The difference between miRNA and siRNA:
miRNA is single-stranded, while siRNA is double-stranded;
miRNA participates in the regulation of growth and development genes under normal conditions, while siRNA does not participate in the normal growth of animals. siRNA can only be produced under the induction of viruses or other dsRNAs as a complement and supplement to miRNA;
miRNA regulates gene expression at the post-transcriptional level, presumably it also works at the translation level, while siRNA regulates gene expression at the post-transcriptional level;
Dicer enzyme processes the two types of RNA. The miRNA is asymmetric, and only comes from the side arm of the RNA precursor containing the stem-loop structure. The remaining part is quickly degraded, and this asymmetry does not exist in the siRNA processing process. in.

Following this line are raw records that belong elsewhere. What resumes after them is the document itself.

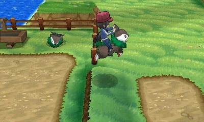 That’s riding in a nutshell. The actual new mode of transporation is the roller skates. The skates are are used by employing the 3DS Circle Pad for movement, instead of the D-Pad. They’re a fairly fast way to travel around in style, and if you are so inclined, you can even dash or perform tricks like a back flip or a 360 upon landing after a ledge. Some places have rails where you can approach and skid down to reach different areas. The skates are incredibly smooth and fun to use—with the only problem being that sometimes they’re a bit too fast and smooth, so much so that turning in a specific direction to talk to NPCs or trying to head into a door can be difficult. That said, the ease with which you can switch between skates and regular running is easy. Want to skate? Use the Circle Pad. Want to run? Use the D-Pad + B. Some areas won’t allow skating, though, such as houses or nature preserves, so in those areas you can use the Circle simply Pad to run. Finally, if you prefer to travel even faster, you can use the bicycle, which is back again. This is much more familiar to Pokémon veterans, so there isn’t much to say about it, except that it’s faster than skating. It’s also the only mode of transportation that allows you to move quickly through grass, since the skates get tangled and you end up walking when you hit tall grass anyway.
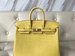 Hermès(爱马仕)Birkin铂金包 雾面鳄鱼 9R 柠檬黄 金扣 小可爱 25cm
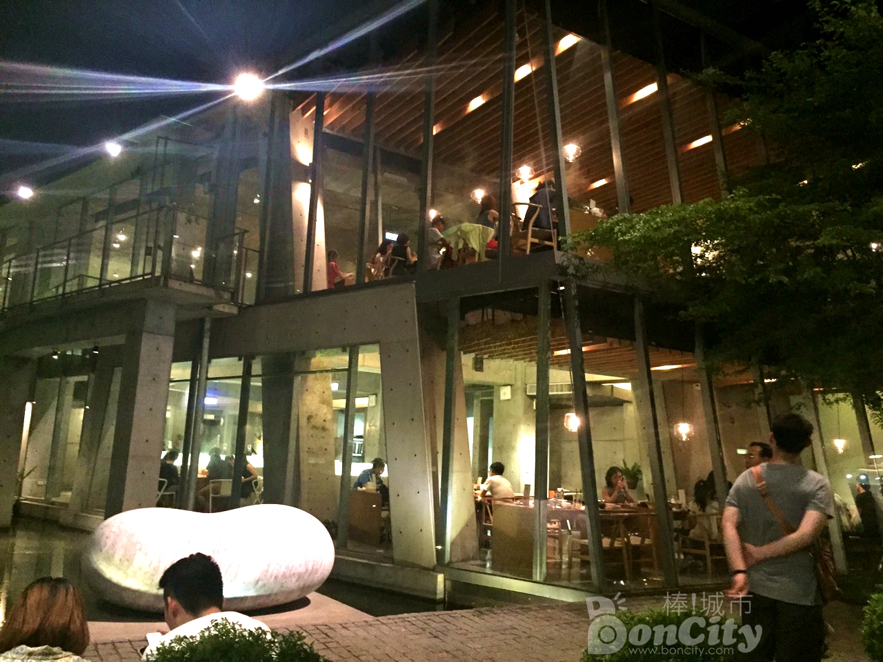 二樓用餐,往上踏步,沿著斜坡綠意盎然的綠色牆圍及探照燈引路
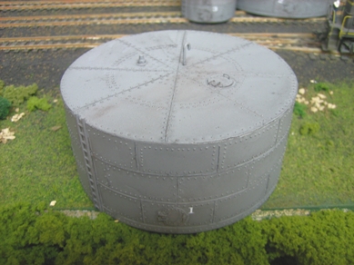 Stopped in at the LHS today and picked up some .015 styrene to make a wrapper for the diesel and lube oil tanks.I started with the lube oil because it's the smaller of the 2, to get the feel for it first. That's the side wall wrapper ,when it drys I'll do the roof. The rivet pattered is from some tanks I saw at Stahl soap in Hoboken NJ.They are fabricated from 4 foot x 8 foot steel plates.
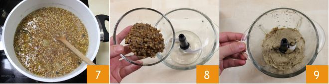 Once the lentils are ready 7, transfer them to a mixer 8, keeping some aside for the final garnish, and puree them 9, then melt half of the butter specified in the recipe in a non-stick pan.

三, the application prospects of RNAi
Related issues in RNAi technology mainly involve the following points:
(1) Selection of dsRNA sequence dsRNA is mainly selected from the gene region in the open reading frame (ORF) of known cDNA. In order to prevent mRNA regulatory proteins from interfering with the binding of RISC and target RNA, selections should be avoided including: 1) the region downstream of the start codon or within the 50-100 nucleotide position of the stop codon; 2) the 5′ or 3′ end Translation region; 3) Intron region. In addition, polyguanylic acid sequence regions (≥3) should be avoided during sequence selection, because it is easy to form a tetramer structure and inhibit RNAi. Choose a fragment with a length of 21-23 nucleotides that is complementary to the sequence on the target mRNA. It is better to start with AA, because this method can simplify the dsRNA synthesis process and reduce the cost, and the synthesized dsRNA can better resist the degradation of RNase . In addition, try to make the GC content in the dsRNA sequence close to 50% (45%-55% is the best). High GC content can significantly reduce the effect of gene silencing. Before selecting, you can search the BLAST database to ensure that no other genes homologous to the target gene exist, and avoid causing silencing of other similar genes. Not all mRNAs are sensitive to RNAi. In order to ensure effective inhibition of target gene expression, it is best to synthesize two or more dsRNAs targeting different target regions of the same gene at the same time; moreover, marking the 3′ end of the dsRNA sense strand has no effect on the RNAi phenomenon, and the existing experiments have not yet It was found that the secondary structure of mRNA has any significant effect on RNAi. At present, RNAi technology mainly uses mammalian cells as the object to study the functions of their genes. However, dsRNA> 30 can cause interferon-like effects in mammalian cells, leading to non-specific reactions. Therefore, the downstream product molecule siRNA is directly used instead to achieve the purpose of gene research.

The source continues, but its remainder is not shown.